It was a very oblique approach to the delicate question of
what he thought might be his father’s choice: death for the Rifters and
Eusabian’s heir as well as for himself and his advisers, or life, and if so, to
what end?

The Aerenarch leaned forward. “If they can stay alive
without cost of innocent lives, they will. Suicide might be a quicker death,
but not more honorable when they are needed back among us.”

“You do not think he might balance
their lives against that of Eusabian’s heir, then, Your Highness?”

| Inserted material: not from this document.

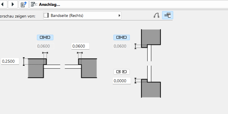 Der Anschlag kann über eine schematische Grundriss- und Schnittdarstellung gesteuert werden. Im Grundriss wird die Anschlagtiefe angezeigt, welche mit dem Wert unter Vorschau und Positionierung korreliert. Über das Setzen des Kettensymbols

Brandon’s smile turned sardonic, briefly recalling Semion to
mind. “Do you mean, is Anaris to be counted so little a threat? To that I can’t
return a simple answer, except that to underestimate him would be a mistake.
But you have to realize . . .” He hesitated, then said, “To my
father, Anaris is not just an enemy.”

Ng waited, hoping her puzzled expression would prompt him to
explain.

For a time it seemed that no explanation would be
forthcoming, for the Aerenarch rose and walked the length of the room, his
coffee cup forgotten in his fingers. He gazed beyond the holographic depiction
of the movements of Eusabian’s fleet, then said over his shoulder, “I don’t
know if I can make it any clearer, because I don’t entirely understand it
myself.”

“Anything that affords us insight
can only aid our planning, Your Highness.” She uttered the platitude in her
most encouraging voice.

And won a brief grin in response. He said, “My own
experience of Anaris was limited to hunt and run: he spent his time trying to
bully me into submission. Once or twice he threatened to kill Galen and me. So
we retaliated by making him a butt. This went on for, oh, three years or so,
and there came a time when . . .”

The Aerenarch glanced up at the holo, his gaze abstracted,
the resemblance to Semion very strong.

Anger
, Ng thought.
Semion was angry all the time. I’m seeing
old anger in Aerenarch-Brandon
.

He said, “Forgive me, but the, er, timeliness of the memory
has its ironies. There came an incident in which Anaris’s attempted goal, shall
we say, came very close to success. So they moved Galen and me to Charvann,
ostensibly so Galen could attend the university.”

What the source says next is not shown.